__Action item__. Output the run of lines that opens with the first line of the material below and closes with the line containing "3、在搜索結果中找到感興趣的課程,例如格靈兒童英語系列,點擊課程封面。", both included, and drop the pictures.

** Information provided follows **

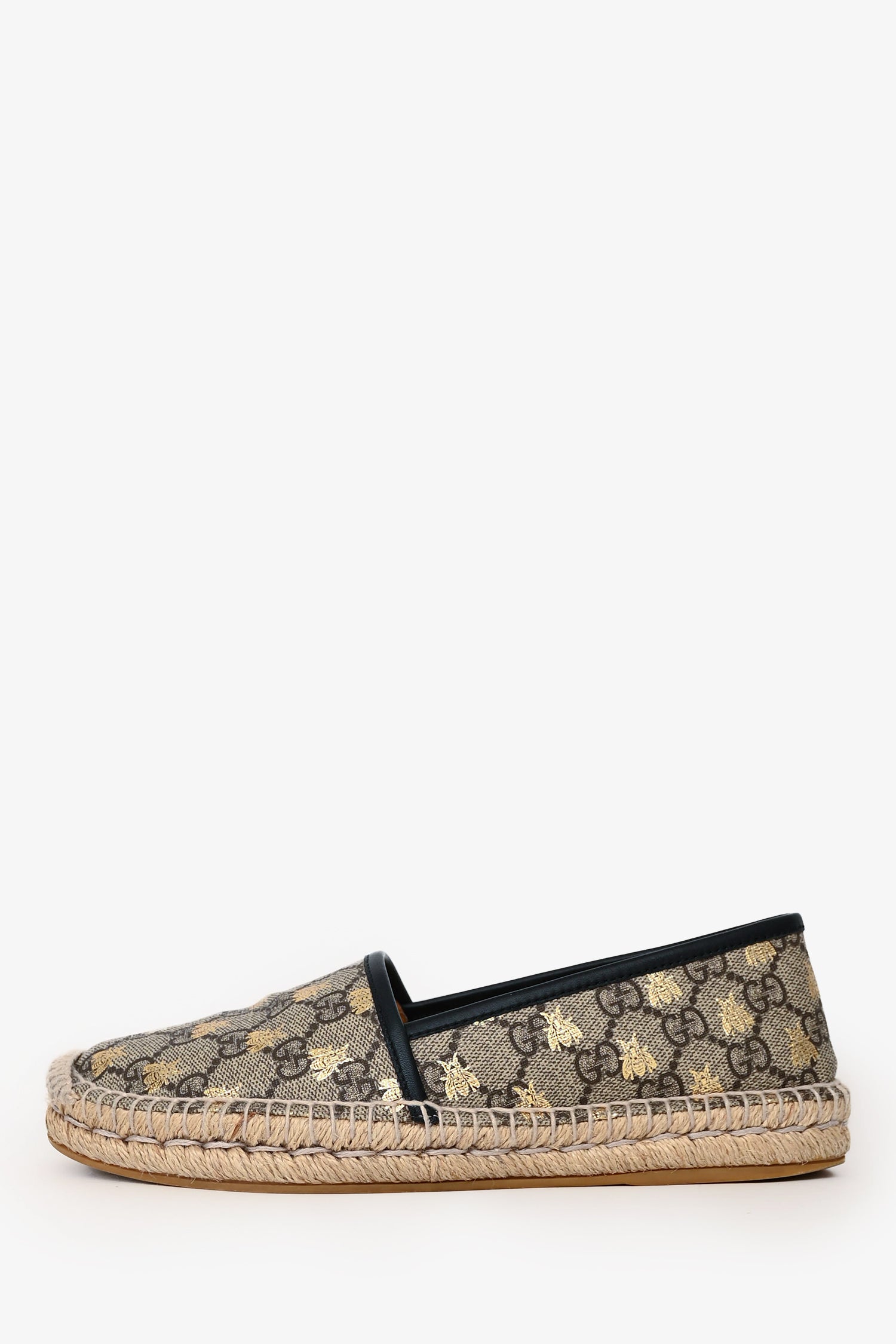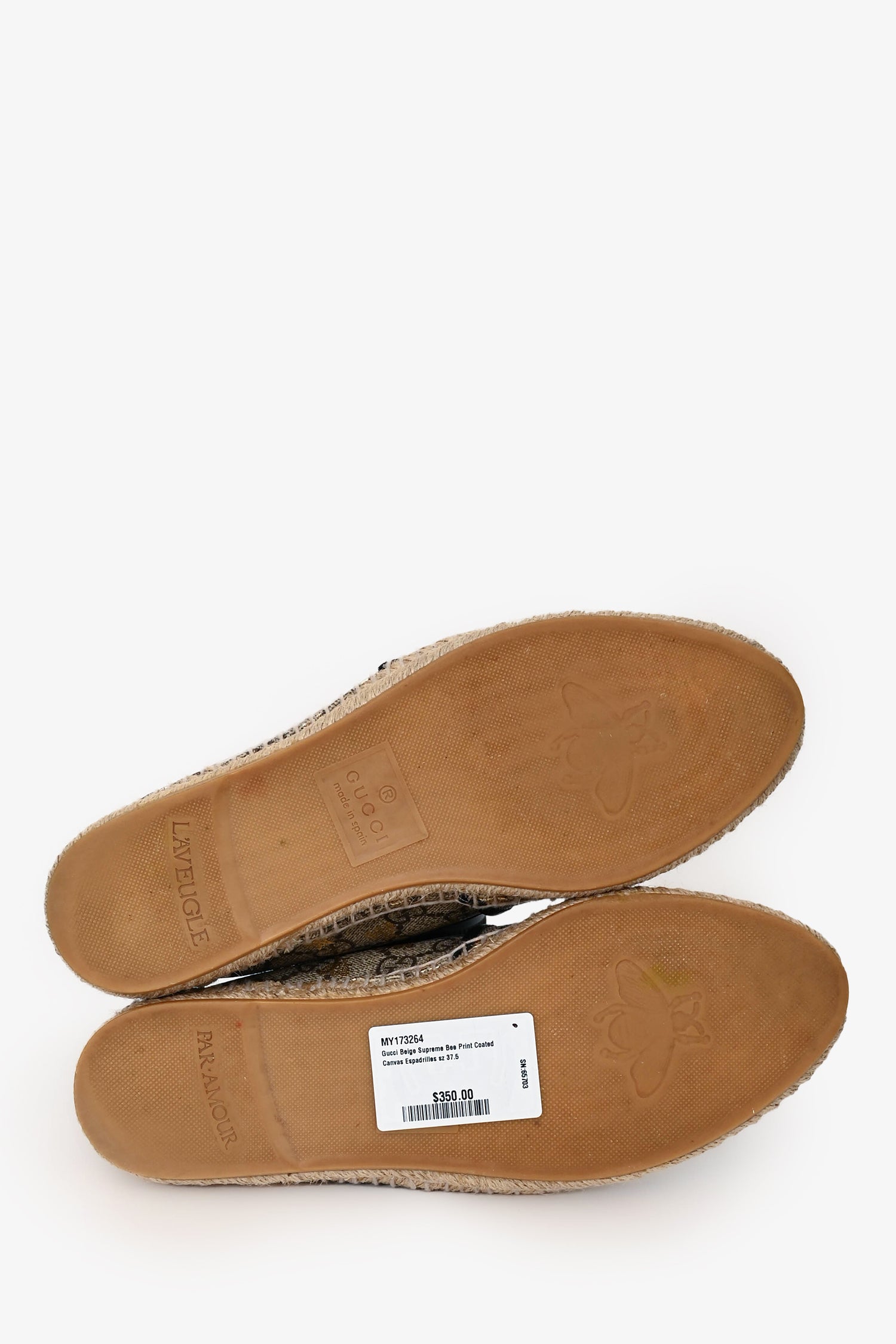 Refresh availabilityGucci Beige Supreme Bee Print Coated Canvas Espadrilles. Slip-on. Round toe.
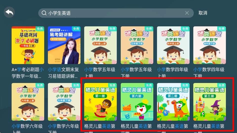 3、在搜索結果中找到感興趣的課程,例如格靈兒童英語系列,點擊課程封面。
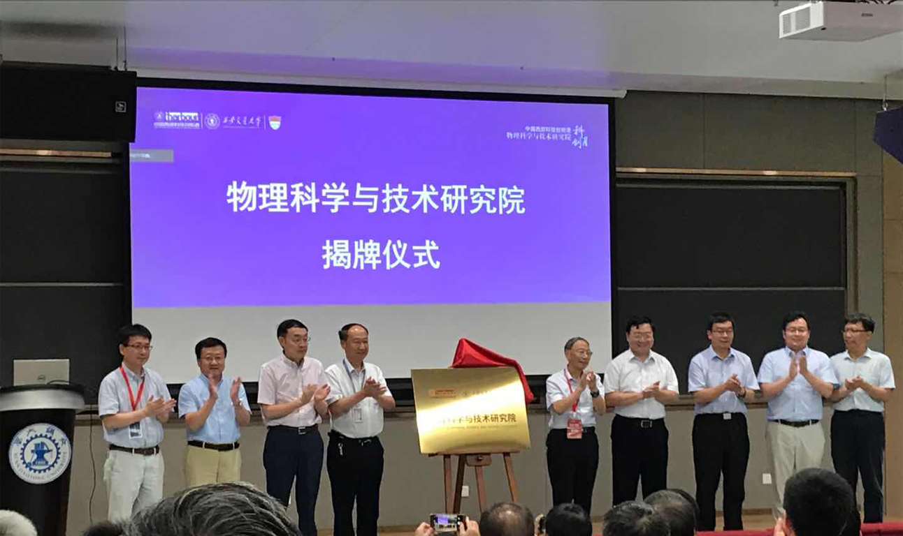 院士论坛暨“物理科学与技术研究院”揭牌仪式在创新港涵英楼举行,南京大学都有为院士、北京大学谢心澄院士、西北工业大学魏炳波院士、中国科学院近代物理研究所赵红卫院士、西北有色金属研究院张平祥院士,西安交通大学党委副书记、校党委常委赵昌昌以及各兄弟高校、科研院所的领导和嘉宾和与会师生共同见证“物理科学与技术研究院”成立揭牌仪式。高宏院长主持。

** End of Information provided **

__Result for this task__.
 Refresh availabilityGucci Beige Supreme Bee Print Coated Canvas Espadrilles. Slip-on. Round toe.
 3、在搜索結果中找到感興趣的課程,例如格靈兒童英語系列,點擊課程封面。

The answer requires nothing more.